Output paths for exported documents

When you export documents as XML, the export program creates a directory under the output file path that you specify when you configure export options.

Exported file types

Depending on the types of documents that you export, the output can include .xml files, .xmi files, .dat files, or all types of files.

Crawled documents

When you export crawled documents, the document metadata is saved in an XML file with the extension .xml. The document content is stored in a separate data file with the extension .dat. If the content is a PDF file, you can open the .dat file with a PDF reader.

If you select the option to use field names or facet paths as XML elements, then the file extension matches the extension of the original file, if it can be determined, instead of .dat.

The names of metadata fields for exported crawled documents matches the original metadata field as it is defined in the data source, such as the column name of a table in a relational database.

Analyzed documents

When you export analyzed documents, the document metadata and content can be stored in an XML file with the extension .xml.
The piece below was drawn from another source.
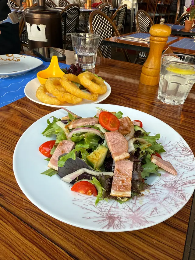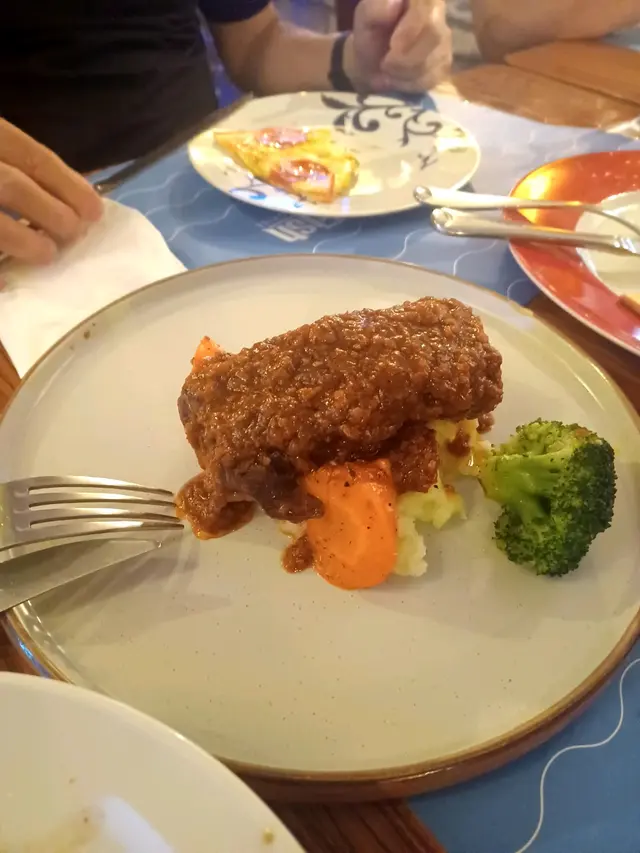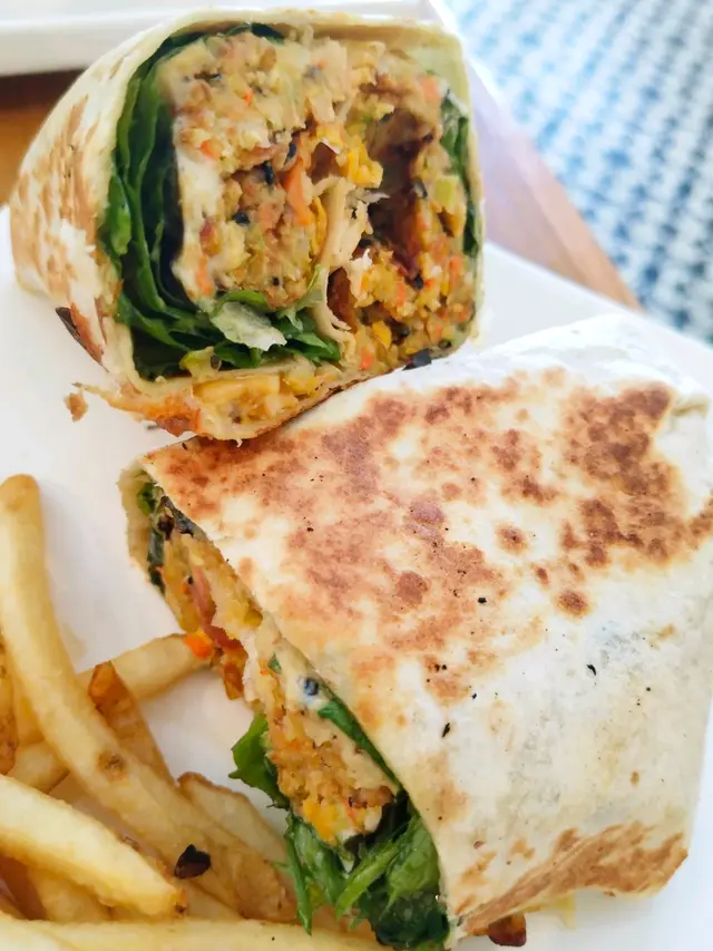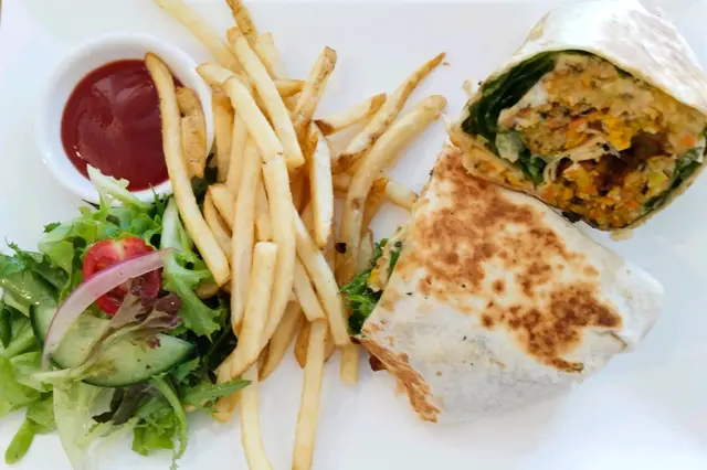 少入西貢,入嚟lunch前睇過Openrice食評,但冇邊間餐廳想試,因為有供應素食的多數係cafe,除咗貴(如Little Cove Espresso),仲好悶添~同朋友邊行邊搵,見到呢間餐廳喺店外棟咗個素食餐牌,亦有提供午市套餐。喺多個午餐選項入面,有「印度香料烤雞卷」,下面有行字話可改為「炸鷹咀豆餅鷹咀豆蓉卷」,所以直接點咗呢個餐,唔使單點素食。是日餐湯:午餐可揀湯或沙律,沙律寫明有肉;是日之選係西蘭花湯,跟湯有一小塊法式蒜蓉多士;湯有少少稠,但唔係忌廉果種厚重質地,飲落唔漏,份量適中,味道清清地亦有少少飽肚感;西蘭花的份量應該唔多,湯只呈淡綠色,飲落亦冇乜西蘭花味炸鷹咀豆餅鷹咀豆蓉卷配沙律、薯條:上檯時,已覺得好大份、足料;鷹咀豆餅/蓉有起沙的口感,好鍾意;調味唔重手,恰到好處,食得好舒服;份量大,可以2個人share再額外點多1個前菜/甜品,應該已經夠飽同滿足,健康美味;沙律新鮮,應該加咗檸檬黑醋汁,清新;幼身薯條,上檯時唔熱,味道正常;因為個卷,我會俾呢個餐5粒星,係日日食都唔會厭的食物烤雞配沙律、薯條:朋友的午餐;半隻烤雞,有肉汁,亦有少量醬汁;朋友食曬,味道應該唔錯凍黑咖啡:凍飲毋須加錢,味道正常餐廳環境幾好,每檯有花點綴,座位舒適,檯與檯之間距離闊落,適合傾計。剛入餐廳時都擔心中伏,因為1300去到,附近的餐廳已坐滿人,唯獨呢度無論室內、室外亦冇客,點知原來佢的食物水準幾高!餐牌上的食物選項乜都有啲,有啲「立立雜雜」,定位唔係太清晰,可能算係多國菜?坐到1330,開始多咗啲客,而侍應端出嚟的食物亦好香、好大份、好吸引,見有食客帶狗狗坐室外,佢點咗個沙律,份沙律滿滿一盤,主人同狗狗可以分享,令我都想計劃一下同狗狗一齊嚟。侍應的服務可以,唔係好殷勤,但加水、執檯好爽手,上菜亦幾快。我同朋友喺餐廳留咗1.5小時,可慢慢享用食物之餘,又能夠靜靜哋傾下計。…查看更多

Because content is converted to plain text when the documents is parsed and analyzed, the metadata and content can be merged into the same XML file.

When you enable the CAS as XMI format option, the information stored in the common analysis structure (CAS) is converted to XML Metadata Interchange (XMI) format and exported as XMI files with the extension .xmi.

The names of metadata fields for exported analyzed documents is a mapped index field name. Only fields that are configured to be Returnable in the index field definition are exported.

Analyzed documents also have annotations that were added to the documents by annotators and other linguistic and analytical processes. Only annotations that are configured to be indexed as facets or index fields are included in the output file.

Searched documents

When you export results from an enterprise search application or content analytics miner, you choose whether you want to export the crawled document output, the analyzed document output, or both types of output.

Directory structures for exported documents

When documents are exported as XML, the output directory name is based on the time that the export occurs. For example, if the export starts on 2009/06/11 at 13:00, then the directory name is 200906111300.

The export program saves up to 1,000 export files in the directory. If there are more than 1,000 files to be exported, the export program creates subdirectories and saves up to 1,000 files in each directory. These additional directories are named sequentially, beginning with the number 0.

The output files are also named sequentially, beginning with the number 0. Different sequences identify the data (.dat) and XML (.xml) ouput.

For example:

Sample output path for crawled documents Sample output path for analyzed documents

Table 1. Sample directory structures for crawled or analyzed documents
Sample output path for crawled documents	Sample output path for analyzed documents
`Crawled content 200906111300 0 000.dat 001.dat ... 999.dat 1 000.dat 001.dat ... 999.dat metadata 200906111300 0 000.xml 001.xml ... 999.xml 1 000.xml 001.xml ... 999.xml`	`Analyzed CAS 200906111200 exported_typesystem.xml 0 000.xmi 001.xml ... 999.xmi content 200906111300 0 001.xml 002.xml ... 999.xml 1 001.xml 002.xml ... 999.xml`

Crawled
  content
    200906111300
      0
        000.dat
        001.dat
        ...
        999.dat
      1
        000.dat
        001.dat
        ...
        999.dat
  metadata
    200906111300
      0
        000.xml
        001.xml
        ...
        999.xml
      1
        000.xml
        001.xml
        ...
        999.xml

Analyzed
  CAS
    200906111200
      exported_typesystem.xml
      0
        000.xmi
        001.xml
        ...
        999.xmi
  content
    200906111300
      0
        001.xml
        002.xml
        ...
        999.xml
      1
        001.xml
        002.xml
        ...
        999.xml